Speakers Bureau - Assessment and Treatment of Sleep Disturbances in Military Populations: Cognitive-Behavioral Therapy for Insomnia (CBT-I)

Brief Description:

This two-day workshop provides training in the assessment of military-related sleep disturbance and treatment of insomnia via Cognitive Behavioral Therapy for Insomnia (CBT-I), an evidence-based approach to treating sleep problems. The workshop begins with a broad foundation of normal sleep, including sleep mechanisms and theories, which builds to instruction on sleep-focused differential assessment with a focus on functional analysis. From this perspective, we explore the etiology of insomnia and introduce clinical interventions within a step-by-step CBTI protocol. Experiential and interactive elements develop practical skills for using Stimulus Control, Sleep Restriction, and cognitive therapy. Military case examples are incorporated to illustrate key concepts and techniques. Participants are expected to engage in case discussion and role-plays in class to practice CBT-I techniques, and attendance both days is required.

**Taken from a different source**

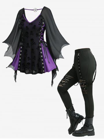 Skulls Flocking Lace Up Flare Sleeves Top and Skull Hollow Out Fishnet Leggings Plus Size Outfit - Black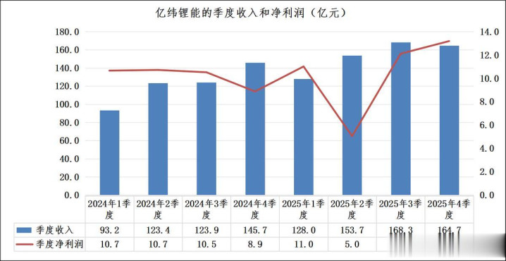 从季度走势来看,2025年亿纬锂能营收逐季抬升,全年呈现“前低后高”的增长节律,4季度营收看护在160亿元以上的高位平台;净利润则在2季度“触底”后,3、4季度连系两个季度闭幕环比增长,4季度单季净利润创下2024年以来的新高,盈利拐点明确。

Note: This presentation can be presented face-to-face or as a webinar.

Learning Ojectives:

  1. Articulate the prevalence of insomnia experienced by military personnel.
  2. Teach patients the Two-Process (Homeostatic & Circadian) Model of Sleep.
  3. Evaluate the four stages of sleep.
  4. Perform sleep-focused differential assessment.
  5. Plan an appropriate course of CBT-I treatment based on individualized case conceptualization.
  6. Incorporate recommended subjective sleep measures into assessment.
  7. Discriminate between subtypes of insomnia and the symptoms associated with such sleep disturbance.
  8. Communicate basic sleep principles and sleep hygiene to patient using psychoeducation.
  9. Score a patient’s baseline sleep log including calculations of sleep efficiency.
  10. Apply principles of stimulus control to patients with insomnia.
  11. Calculate sleep data to prescribe bedtime and wake time schedule using sleep restriction.
  12. Recommend strategies for implementing individual and group CBT-I.
  13. Employ adaptations of standard cognitive approaches to patients with insomnia.
  14. Justify the role of CBTI in cases of insomnia with co-morbidities.